During recent years, ASTER data have been used widely for mapping regional hydrothermal alteration zones associated with porphyry copper and epithermal gold mineralization (Pour and Hashim 2012a). The capability of the ASTER data for mapping the hydrothermally altered rocks and the unaltered country rocks associated with porphyry copper mineralization has been evaluated in the Cuprite mining district in Nevada, USA (Rowan et al., 2003). Matched Filtering (MF) technique was used for identifying the surface distribution of hydrothermal alteration minerals. The results indicated that spectral reflectance differences in the nine bands of visible near infrared through the shortwave infrared (0.52 to 2.43 μm) can provide subtle spectral information for discriminating main hydrothermal alteration mineral zones. A silicified zone, an opalized zone, an argillized zone and the distribution of unaltered country rock units have been identified.
Principal Component Analysis (PCA) has been applied on ASTER VNIR and SWIR bands in order to target key alteration minerals associated with epithermal gold deposits in Los Menucos, Patagonia, Argentina (Crosta et al., 2003).
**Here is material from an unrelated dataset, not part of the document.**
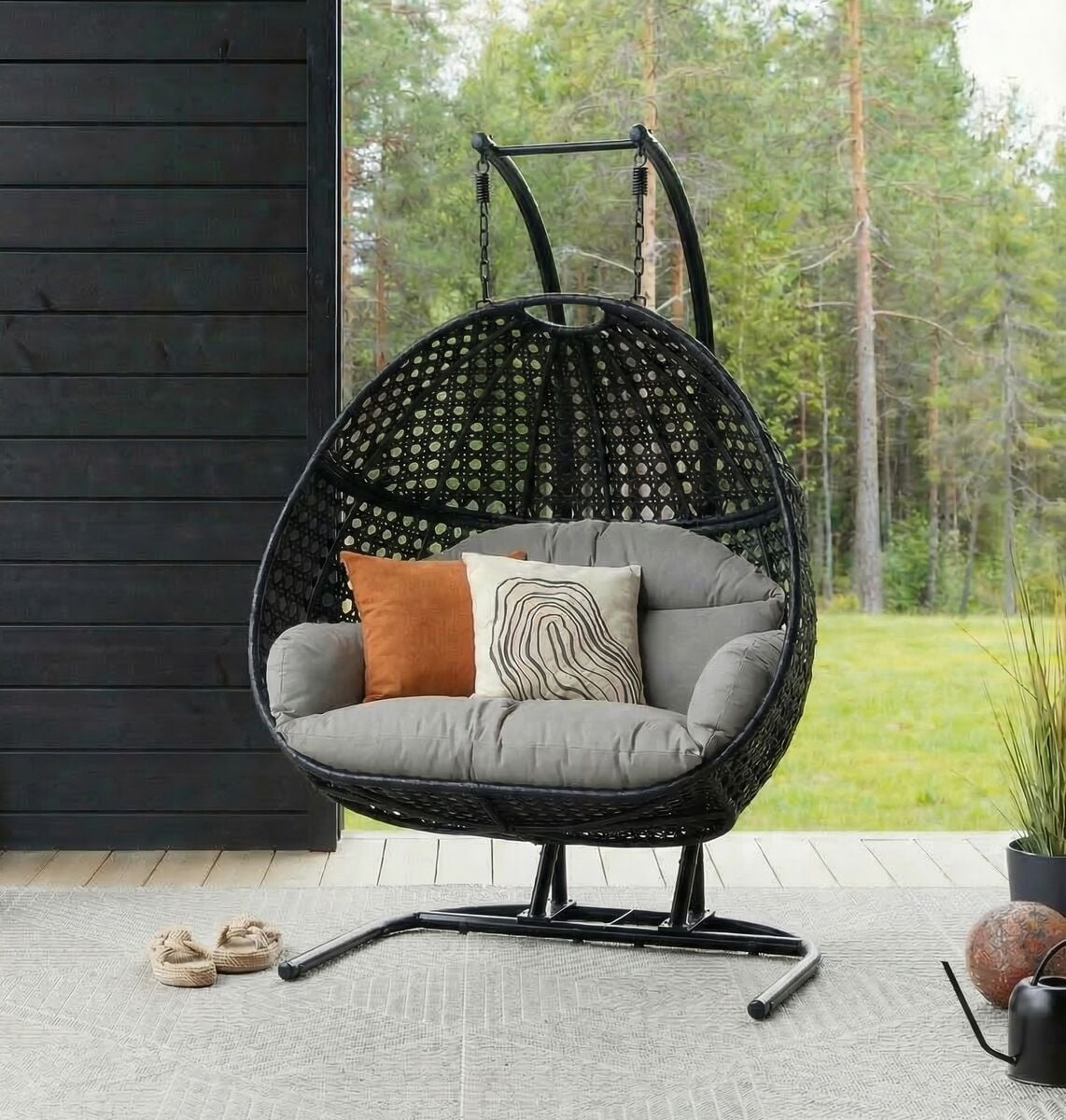 Mukavaan oleskeluun Usva kahden istuttava riipputuoli ja teline. Tässä riipputuolissa on tukeva rakenne, joka on suunniteltu kestämään kahden aikuisen keinumista. Sisältää kuvan muhkeat pehmusteet, jotka on verhoiltu vettähylkivällä polyester kankaalla. Pehmusteet eivät ole vedenpitäviä, joten ne tulee säilyttää sateelta suojassa. Istuinkorkeus on säädettävissä sopivaan korkeuteen kettinkien avulla. Jalkaosan leves on 136 cm ja runkoputken halkaisija on 4 cm. Jalkaosa ja riipputuoli toimitetaan osissa. Tuote toimitetaan erikoisvahvassa puulaatikossa, joka suojaa sitä kuljetuksen aikana. Huomioithan, että pakkauksen avaaminen vaatii hieman enemmän työtä kuin tavallisen pahvilaatikon.

PCA was applied to selected subsets of four ASTER bands according to the position of characteristic spectral absorption features of key hydrothermal alteration mineral end-members such as alunite, illite, smectite and kaolinite in the VNIR and SWIR regions. Their results revealed that PCA technique can extract detailed mineralogical spectral information from ASTER data by producing abundance images of selected minerals. The distribution of hydrothermally altered rocks consisting of phyllic, argillic and propylitic alteration zones and hydrothermally silicified rocks associated with Cu-Au mineralization has been mapped using spectral analysis of VNIR + SWIR and TIR ASTER bands in the Reko Diq, Pakistan (Rowan et al., 2006). Numerous high-potential areas of porphyry copper and epithermal or polymetallic vein-type mineralization were identified based on argillic and phyllic alteration patterns in the Zargros magmatic arc, Iran (Mars and Rowan 2006). They used the logical operator algorithms on ASTER defined band ratios to illustrate distinctive patterns of argillic and phyllic alteration zones associated with Eocene to Miocene intrusive igneous rocks, as well as known and undiscovered porphyry copper deposits.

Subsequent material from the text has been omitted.